BEGIN

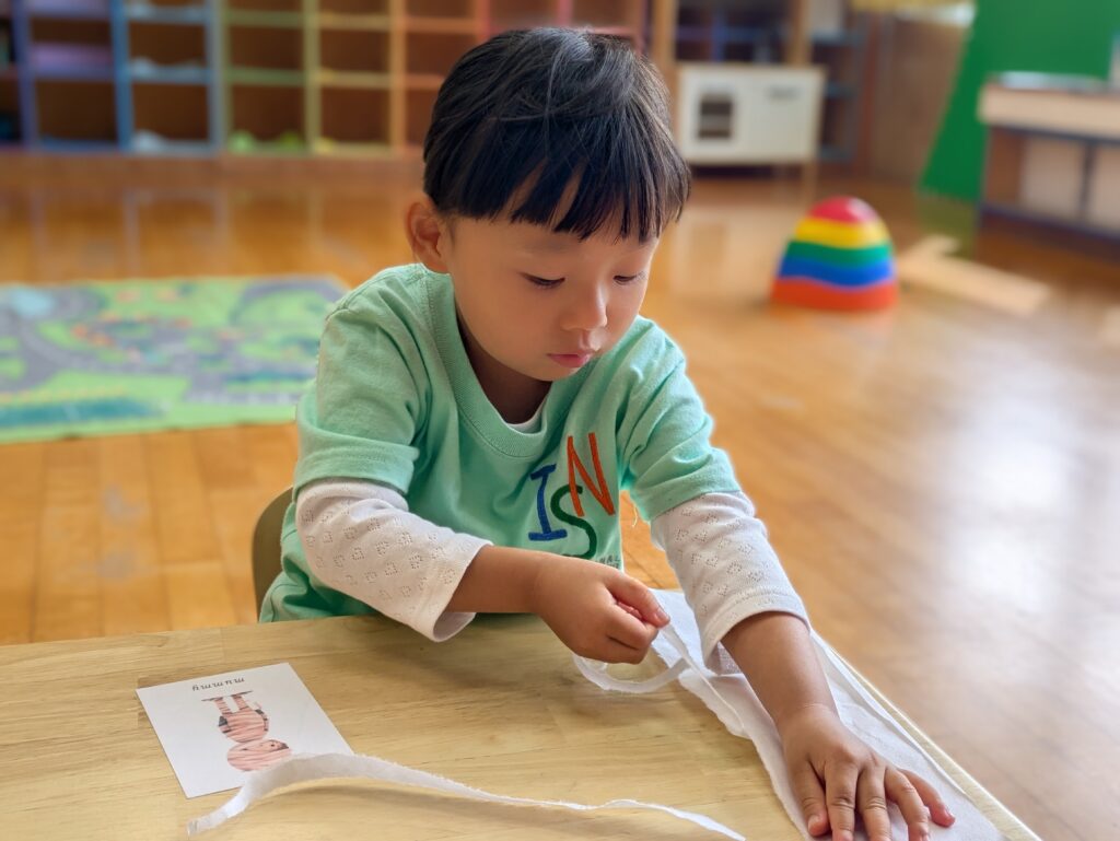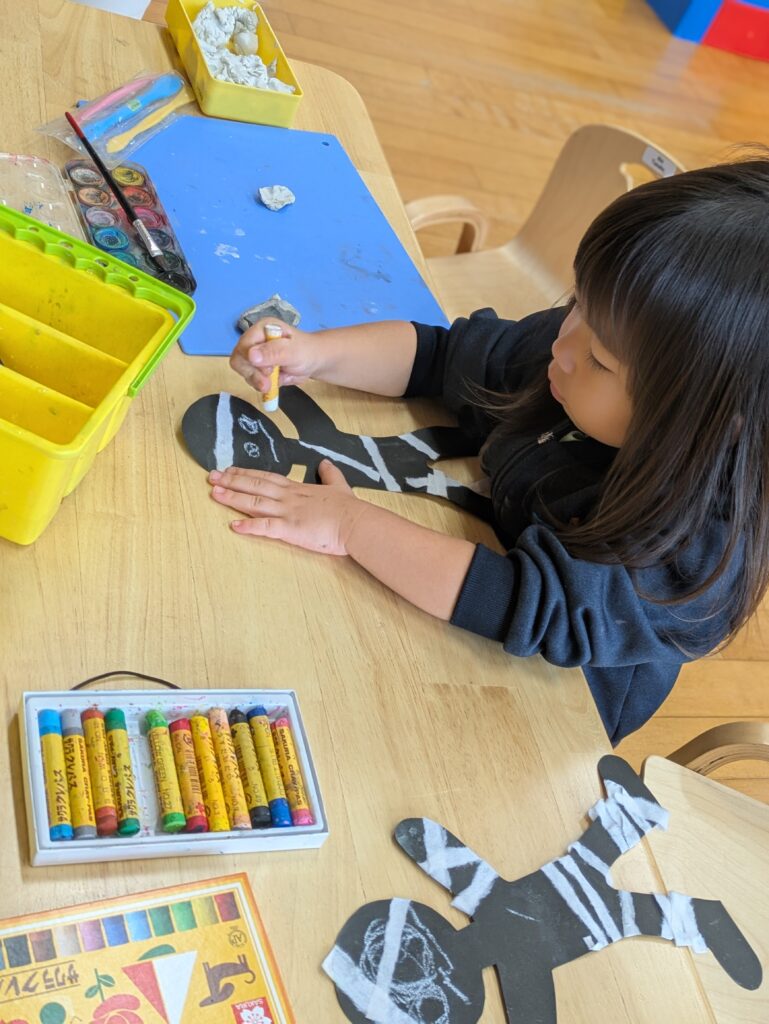紙をビリビリ、ペタペタと貼って、お顔も描いて…完成まであともう少しです。
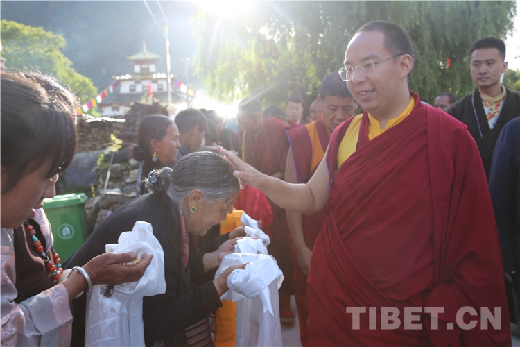 十一世班禪抵達強真寺,前往主殿朝拜禮佛,并帶領眾僧集體誦經(jīng)祈福。隨后,在寺廟正門為遠道而來的信教群眾摸頂賜福。信教群眾得到了十一世班禪的摸頂賜福并領到了長壽金剛結(jié)和十一世班禪像,十分幸福和開心,自發(fā)唱起了當?shù)氐膫鹘y(tǒng)歌曲,歌聲悠長,充滿吉祥。
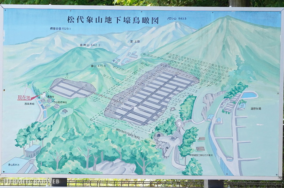 象山地下壕の位置関係がひと目で分かる、見事な鳥瞰図です。
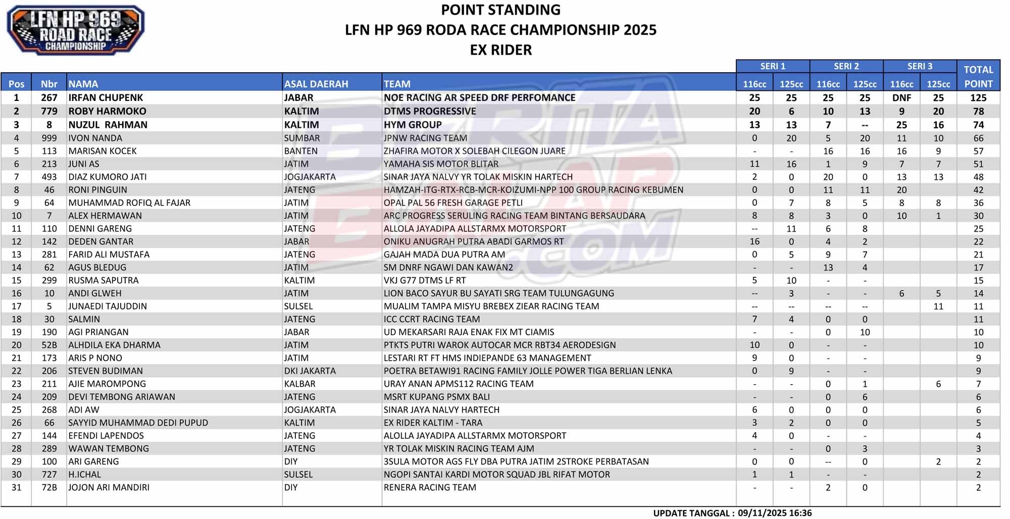 Hasil gemilang tersebut berlanjut pada babak pamungkas yang kembali meraih tahta tertinggi Bebek 2 Tak Std 125 cc Exrider namun gagal finish dikelas Bebek 2 Tak Std 116 cc Exrider. Meski demikian, Irfan Chupenk tetap sukses meraih gelar JU Exrider total seri di LFN HP969 Road Race 2025 dengan total 125 poin.
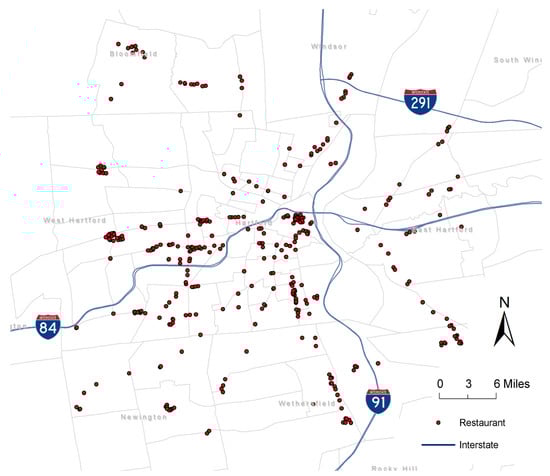 The mobility data were sourced from SafeGraph, a data company that aggregates anonymized location data from mobile devices to provide insights into physical places [,]. We used the Safegraph’s Core Places and Patterns datasets, which aggregated data from approximately 10% of all the mobile devices in the US and contained information about the number of visits from people’s home census tract to each point of interest (POI). The data were made publicly available during the early stage of the Coronavirus Disease 2019 (COVID-19) pandemic. SafeGraph uses a validated algorithm to determine visits to POI, and the duration of the visit must last for at least 4 minutes to count as a visit to a given POI [,]. SafeGraph defines a person’s “home” to be the location where the mobile device is detected the most at night (i.e., from 18:00 to 07:00) over a 6-week period, and each location is defined at the Geohash-7 level (153 × 153-m grid). According to SafeGraph, no privacy rights were violated during data collection; the data do not contain individual information; and the data cannot be “de-anonymized” using any known method of re-identification []. Previous studies showed that the mobile-device sample in SafeGraph is generally representative of the general population in terms of sociodemographic variables (e.g., racial/ethnic composition, educational attainment, and income) and the overall US Census population count [,]. Using SafeGraph data, we included all restaurant POIs in the Greater Hartford region. After validating the restaurant locations and removing duplicates, we included a total of 396 restaurants, where 69 were full-service restaurants (defined by the North American Industry Classification System [NAICS] code 722211) and 327 were limited-service restaurants (NAICS code 722513). A cross-validation with restaurant directories from Yelp and Google Place showed that the SafeGraph data included more than 80% of the restaurant POIs in the study area. The 396 restaurants included in this study were visualized in ESRI ArcGIS Pro, as shown in Figure 1.
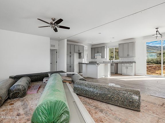 Loan incentives with builder's preferred lenders! Brand new construction (4 bdrm 2 bath) with absolutely gorgeous & secluded views on 4 acres! Upon completion/backfill the home will be set at ground level with large front & rear concrete patios. Extensive upgrades include 9' high flat ceilings, huge 80'' tall windows, oversized sliding glass door & high transom windows for a ton of natural light & 2'' faux wood blinds. Solid wood cabinets, farmhouse sink, and upgraded stainless steel appliances. Huge walk-in tile shower/spa & separate soaking tub. Backlit mirrors, upgraded black hardware decor package, flooring, trim, lighting with seeded glass and ceiling fans. 2x6 construction with upgraded insulation & architectural shingles. Full 1 year manufacturer's warranty included & much more!

END

→ **TASK TO CARRY OUT**
Would you set down the records exactly, with no pictures included?

→ **SOLUTION FOR THIS EXERCISE**
紙をビリビリ、ペタペタと貼って、お顔も描いて…完成まであともう少しです。
 十一世班禪抵達強真寺,前往主殿朝拜禮佛,并帶領眾僧集體誦經(jīng)祈福。隨后,在寺廟正門為遠道而來的信教群眾摸頂賜福。信教群眾得到了十一世班禪的摸頂賜福并領到了長壽金剛結(jié)和十一世班禪像,十分幸福和開心,自發(fā)唱起了當?shù)氐膫鹘y(tǒng)歌曲,歌聲悠長,充滿吉祥。
 象山地下壕の位置関係がひと目で分かる、見事な鳥瞰図です。
 Hasil gemilang tersebut berlanjut pada babak pamungkas yang kembali meraih tahta tertinggi Bebek 2 Tak Std 125 cc Exrider namun gagal finish dikelas Bebek 2 Tak Std 116 cc Exrider. Meski demikian, Irfan Chupenk tetap sukses meraih gelar JU Exrider total seri di LFN HP969 Road Race 2025 dengan total 125 poin.
 The mobility data were sourced from SafeGraph, a data company that aggregates anonymized location data from mobile devices to provide insights into physical places [,]. We used the Safegraph’s Core Places and Patterns datasets, which aggregated data from approximately 10% of all the mobile devices in the US and contained information about the number of visits from people’s home census tract to each point of interest (POI). The data were made publicly available during the early stage of the Coronavirus Disease 2019 (COVID-19) pandemic. SafeGraph uses a validated algorithm to determine visits to POI, and the duration of the visit must last for at least 4 minutes to count as a visit to a given POI [,]. SafeGraph defines a person’s “home” to be the location where the mobile device is detected the most at night (i.e., from 18:00 to 07:00) over a 6-week period, and each location is defined at the Geohash-7 level (153 × 153-m grid). According to SafeGraph, no privacy rights were violated during data collection; the data do not contain individual information; and the data cannot be “de-anonymized” using any known method of re-identification []. Previous studies showed that the mobile-device sample in SafeGraph is generally representative of the general population in terms of sociodemographic variables (e.g., racial/ethnic composition, educational attainment, and income) and the overall US Census population count [,]. Using SafeGraph data, we included all restaurant POIs in the Greater Hartford region. After validating the restaurant locations and removing duplicates, we included a total of 396 restaurants, where 69 were full-service restaurants (defined by the North American Industry Classification System [NAICS] code 722211) and 327 were limited-service restaurants (NAICS code 722513). A cross-validation with restaurant directories from Yelp and Google Place showed that the SafeGraph data included more than 80% of the restaurant POIs in the study area. The 396 restaurants included in this study were visualized in ESRI ArcGIS Pro, as shown in Figure 1.
 Loan incentives with builder's preferred lenders! Brand new construction (4 bdrm 2 bath) with absolutely gorgeous & secluded views on 4 acres! Upon completion/backfill the home will be set at ground level with large front & rear concrete patios. Extensive upgrades include 9' high flat ceilings, huge 80'' tall windows, oversized sliding glass door & high transom windows for a ton of natural light & 2'' faux wood blinds. Solid wood cabinets, farmhouse sink, and upgraded stainless steel appliances. Huge walk-in tile shower/spa & separate soaking tub. Backlit mirrors, upgraded black hardware decor package, flooring, trim, lighting with seeded glass and ceiling fans. 2x6 construction with upgraded insulation & architectural shingles. Full 1 year manufacturer's warranty included & much more!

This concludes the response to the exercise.